Requirements for Word Problem Solutions

**Set up a Variable Dictionary.**You must let your readers know what each variable in your problem represents. This can be accomplished in a number of ways:- Statements such as “Let P represent the perimeter of the rectangle.”
- Labeling unknown values with variables in a table.
- Labeling unknown quantities in a sketch or diagram.

**Set up an Equation.**Every solution to a word problem must include a carefully crafted equation that accurately describes the constraints in the problem statement.**Solve the Equation.**You must always solve the equation set up in the previous step.**Answer the Question.**This step is easily overlooked. For example, the problem might ask for Jane’s age, but your equation’s solution gives the age of Jane’s sister Liz. Make sure you answer the original question asked in the problem.**Look Back.**It is important to note that this step does not imply that you should simply check your solution in your equation. After all, it’s possible that your equation incorrectly models the problem’s situation, so you could have a valid solution to an incorrect equation. The important question is: “Does your answer make sense based on the words in the original problem statement.”

## Consecutive Integers

The integers are *consecutive*, in the sense that one follows right after another. For example, 5 and 6 are a pair of consecutive integers. The important relation to notice is the fact that the second integer of this pair is one larger than its predecessor. That is, 6 = 5 + 1.

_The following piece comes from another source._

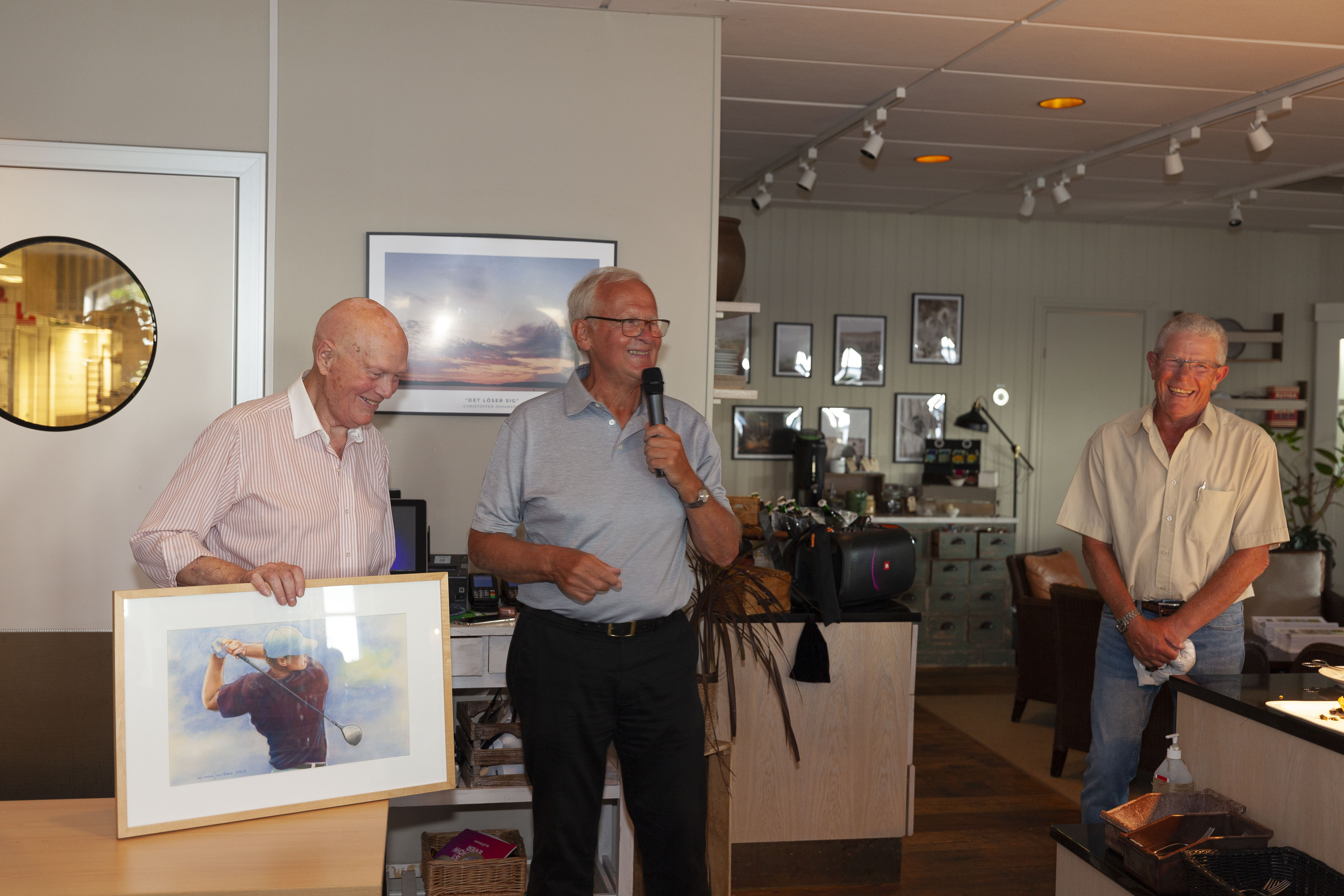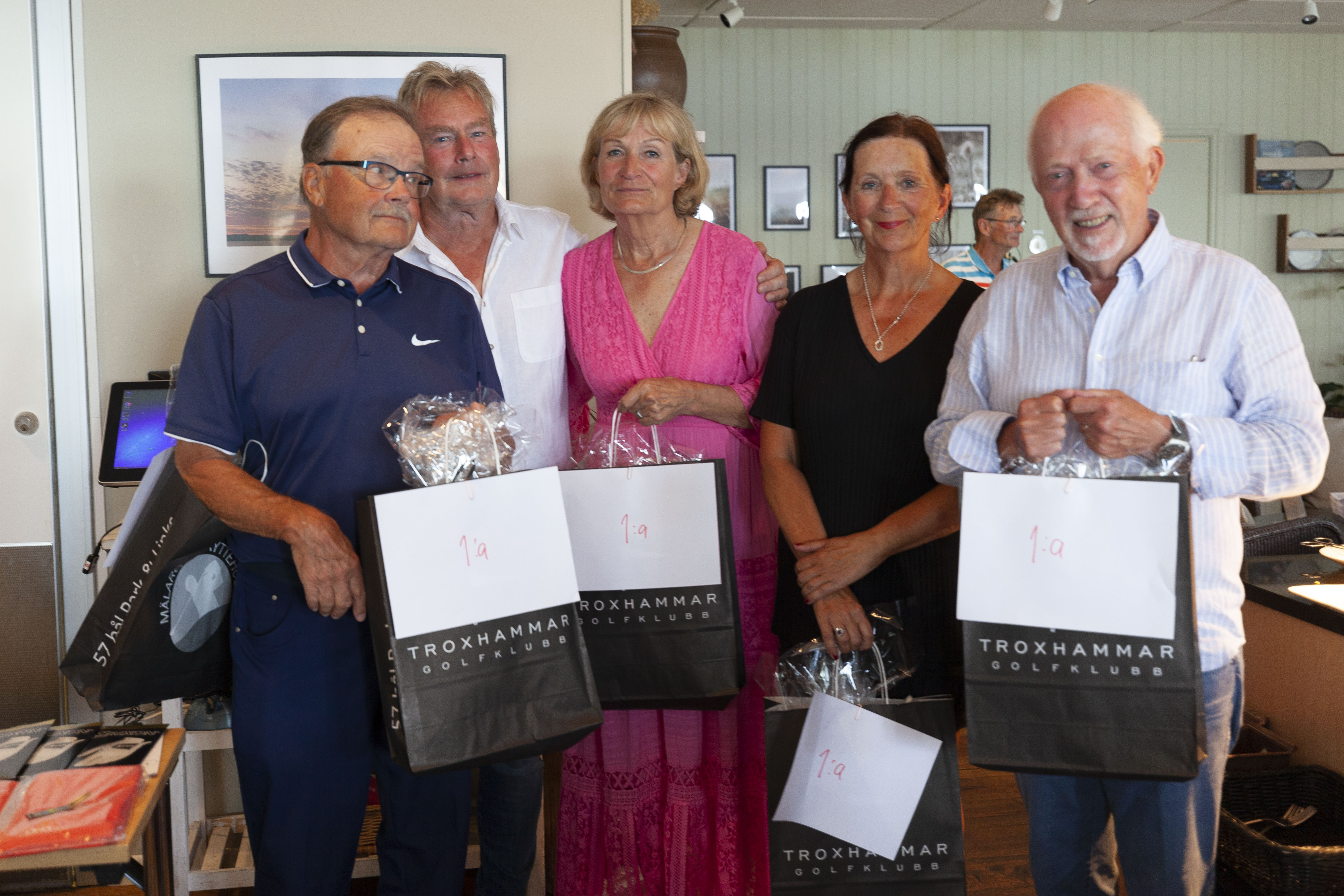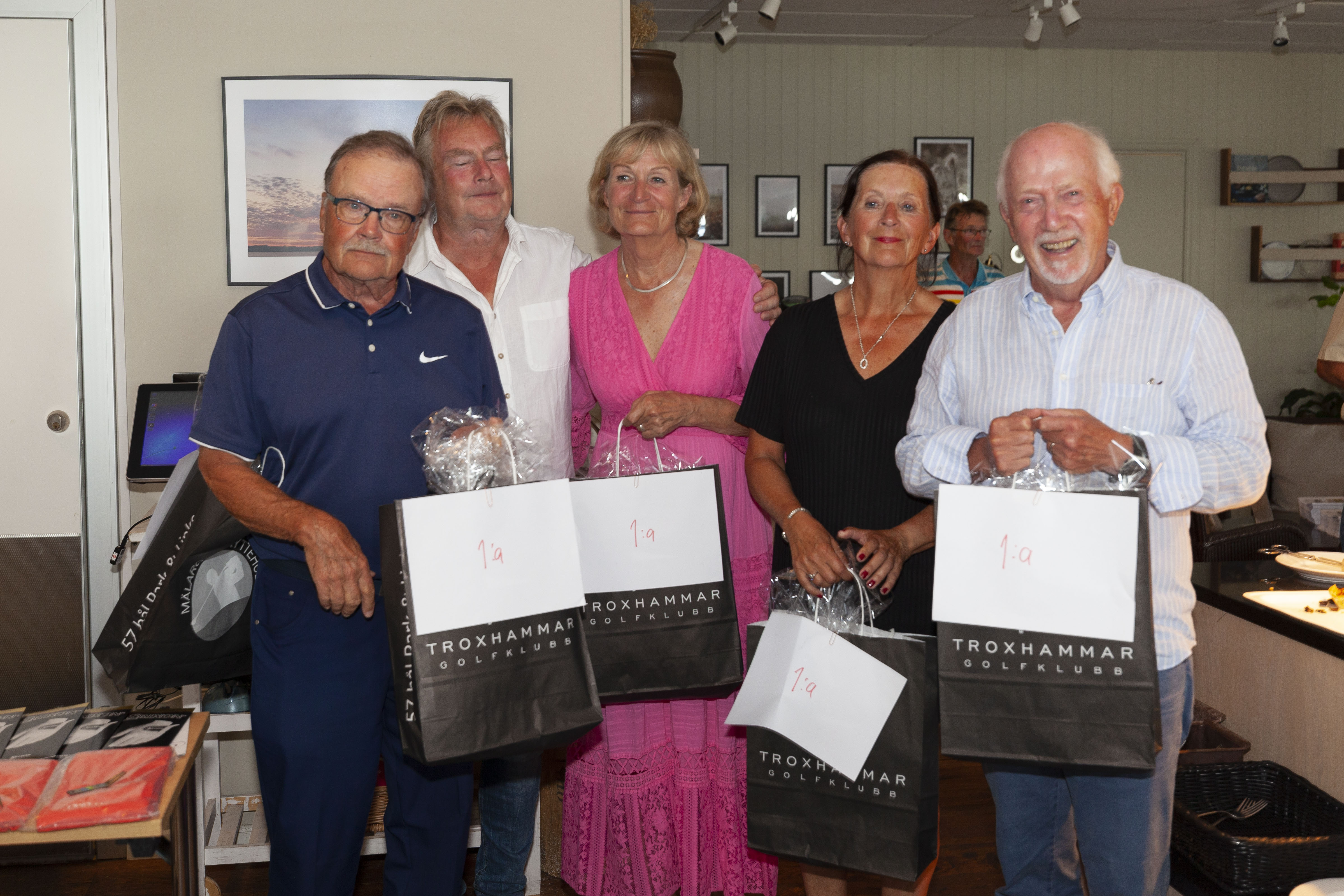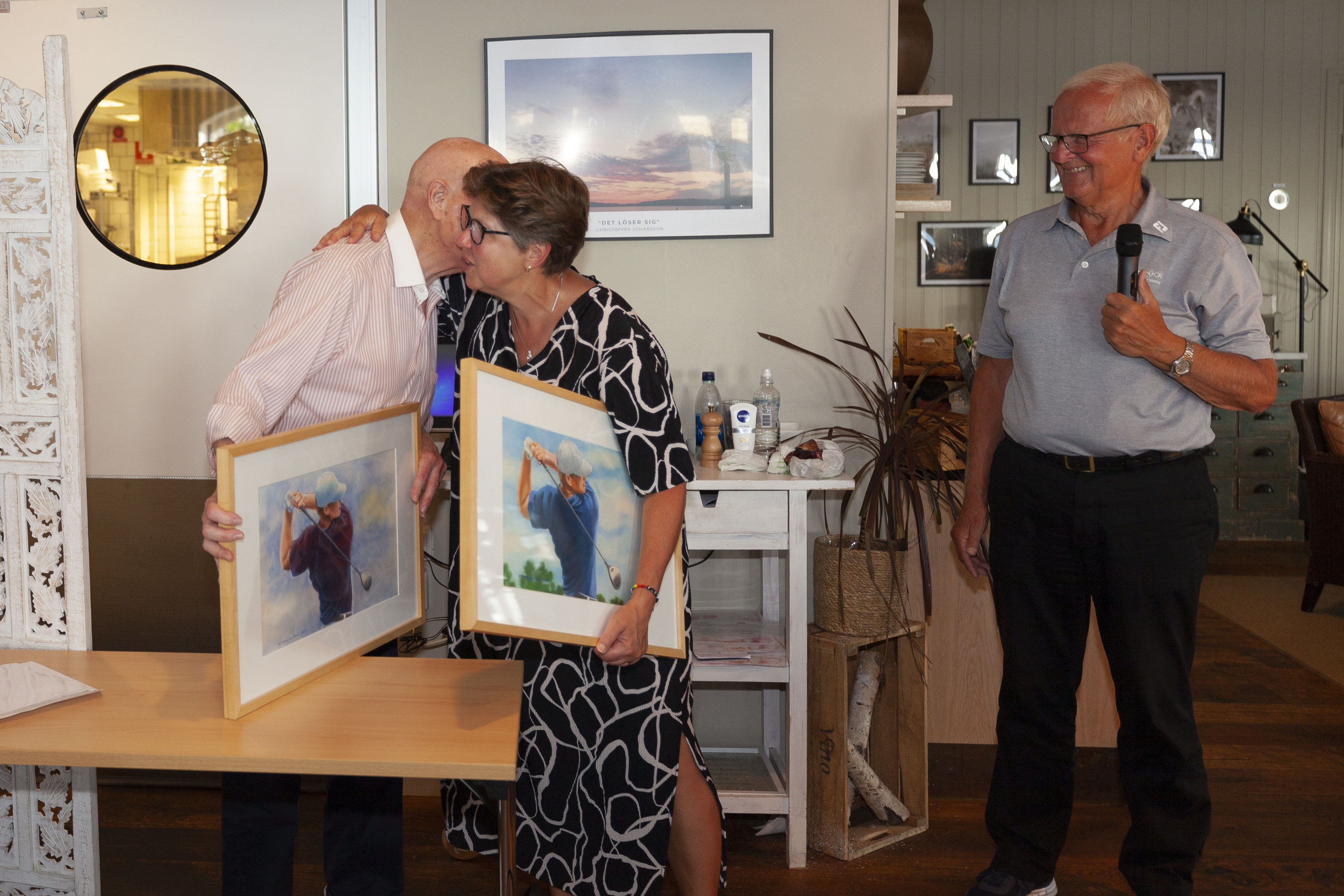 Jubileumskommittén hade fått ihop ett fint prisbord så att prisutdelningen kunde avslutas med både ”Lucky Draw” och ”Lucky Lucky Draw”. Det var med andra ord många nöjda festdeltagare som senare på kvällen gick hem med fina priser efter en rolig dag på golfbanan och en härlig kväll på Skyttegården och allt tillsammans med golfvänner från egna klubben.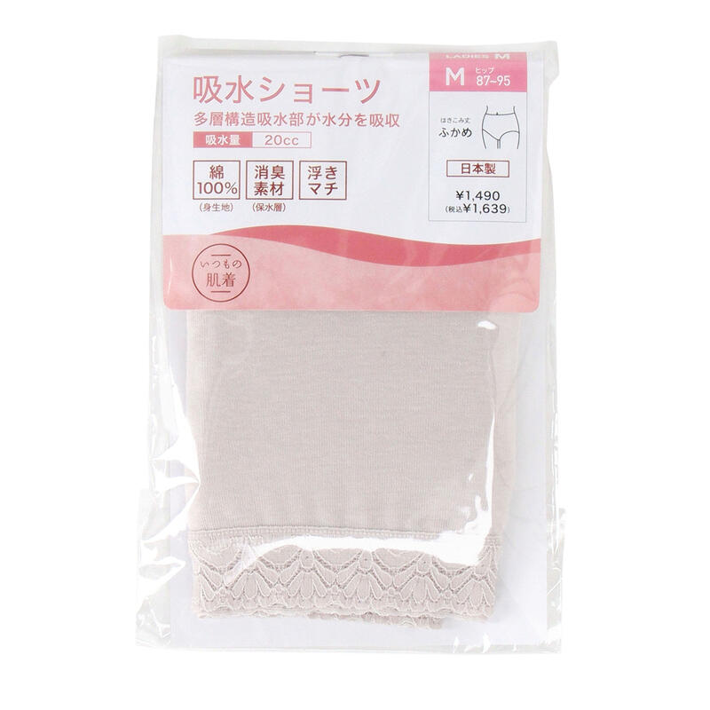いつもの肌着【日本製】吸水機能付きショーツ 吸水量(目安)20cc。

Definition: Consecutive Integers

Let *k* represent an integer. The next consecutive integer is the integer *k* + 1.

Thus, if *k* is an integer, then *k* + 1 is the next integer, *k* + 2 is the next integer after that, and so on.

Example 1

The three sides of a triangle are consecutive integers and the perimeter is 72 inches. Find the measure of each side of the triangle.

Solution

We follow the Requirements for Word Problem Solutions.

1. *Set up a Variable Dictionary.* In this case, a carefully labeled diagram is the best way to indicate what the unknown variable represents.

In our schematic diagram, we’ve labeled the three sides of the triangle with expressions representing the consecutive integers k, k+ 1, and k+ 2.

2. *Set up an Equation.* To find the perimeter P of the triangle, sum the three sides.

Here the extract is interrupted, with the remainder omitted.